Полицейских действительно оказалось много — однако не настолько, чтобы Мукуро не смог с ними справиться, если бы захотел. Если бы он поднялся, взял трезубец, наполнил гостиную огнем и кровью — он бы справился. Он бы снова спас их. Как всегда.
Но он сидел в кресле, покачивал на колене банку с колой, улыбался равнодушно и рассеянно. Полицейские обходили его, как пустое место. Кен зарычал, рванулся, когда ему надевали наручники, и Тикусе пришлось сказать, чтобы он не дергался. Он не ждал, что Кен послушается — но тот послушался.
— Кто из вас Рокудо Мукуро? — спросил седоватый полицейский, опуская пистолет.
Кен опять рыкнул, Тикуса открыл рот, чтобы ответить, что среди них нет никого с таким именем — но Ланчия поднял голову, бессильно дернулся в наручниках и хрипло сказал:
— Я — Рокудо Мукуро.
Мукуро в кресле улыбнулся и поднес банку к губам.
В полицейском фургончике было темно и тряско, воняло старой грязной одеждой, спиртным и кровью. Кена приложили виском об дверь, когда запихивали туда — Тикуса видел, что приложили намеренно — и теперь он хрипло стонал, мотая головой.
Ланчию везли отдельно.
— Как так? — пробормотал Кен, то ли в полубреду, то ли приходя в себя. — Почему так?
— Замолчи, — Тикуса бы перебрался к Кену поближе, если бы не был прикован к железной скобе на стенке фургончика; Кена прицепили к такой же. — Замолчи и молчи дальше.
— Я не понимаю, — Кен снова перекатил голову с плеча на плечо. Фургончик тряхнуло, клацнули зубы.
— Вот и молчи, — повторил Тикуса и закрыл глаза. "Рано или поздно все портятся", — вспомнил он.
Мукуро нас вытащит, сказал он сам себе. Для того и остался на свободе, чтобы потом нас вытащить.
Он почти услышал, как говорит это вслух. Жалко и беспомощно. Раньше он никогда нас не бросал, мысленно добавил Тикуса. Вышло еще хуже; воспоминание вспыхнуло перед глазами ослепительно ярко.
*
— А, вы еще живы, — Мукуро держал руки в карманах джинсов, улыбался так беспечно, словно вернулся из очередной вылазки за шоколадками и сэндвичами в ближайший супермаркет. По его волосам скользили солнечные блики, белизна футболки резала глаза. Тикуса почувствовал себя еще более грязным, чем десять минут назад — хотя раньше думал, что такое уже невозможно.

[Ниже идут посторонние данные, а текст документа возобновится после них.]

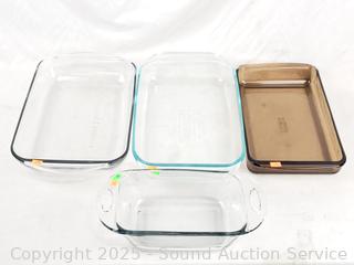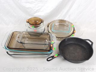 Lot #0157: Assorted Pyrex Bakeware & Cast Iron Skillets

За полгода бестолкового бродяжничества по городкам Северной Италии он привык к рваной одежде, к насекомым в тех тряпках, на которых они с Кеном спали, к голоду, к отчаянным побегам после мелких краж; к тому, что никто не прячет их от ненужных взглядов, никто не ищет для них безопасные места, никто не таскает их по кондитерским, по кинотеатрам, по пустым гостиничным номерам с настоящими мягкими кроватями.
Привык к тому, что Мукуро с ними больше нет.
Даже почти перестал вспоминать, как Мукуро сперва зачем-то привез их в эти места, несколько раз исчезал, ничего не говоря, и возвращался через день-два, а потом сказал "Погуляйте сами" и пропал.
Мукуро качался с пятки на носок, разглядывал Тикусу так, будто серьезно ждал ответа; из развалин, в которых они прятались в тот день, выскочил Кен, бросился на Мукуро, сжимая кулаки, скалясь, злобно щуря глаза — и остановился в метре, едва не налетев на острие трезубца.
— Я тебе что-то обещал? — спросил Мукуро, и его голос прозвучал так равнодушно, что Кен сник, обмяк и отошел в сторону. Сел на расколотый фундамент, еле видный в траве, принялся дергать из земли травинки.
Тикуса стоял молча, ждал, что еще скажет Мукуро; задавать вопросы не хотелось. Мукуро тоже молчал, рассеянно смотрел куда-то в пустоту поверх макушки Тикусы, а потом вдруг улыбнулся.
— А вот и он.
Кен поднял голову, Тикуса обернулся: из-за угла осыпающегося от ветхости дома вышел высокий человек в черном, со странными татуировками на лице, и Тикуса едва не решил, что нужно бежать — таким опасным выглядел незнакомец — а потом понял, что двигается пришедший медленно и неуверенно, что убежать от него будет несложно, и что в руках у него пакеты из "МакДональдса".
— Это Ланчия, — весело сказал Мукуро, когда человек подошел и остановился неподалеку. — Он убил всю свою Семью, это было просто, и купил вам поесть, и вот тут я едва не облажался. Оказывается, считать деньги чужими руками куда сложнее, чем убивать. Но нужно было проверить.
Кен явно ничего не понял; он переводил взгляд с Ланчии на Мукуро, потом на пакеты с пятнами жира, облизывался, но с фундамента не вставал. Тикуса шагнул к Ланчии, тот механически поднял руку и отдал Тикусе один пакет, а потом второй. Второй Тикуса отнес Кену.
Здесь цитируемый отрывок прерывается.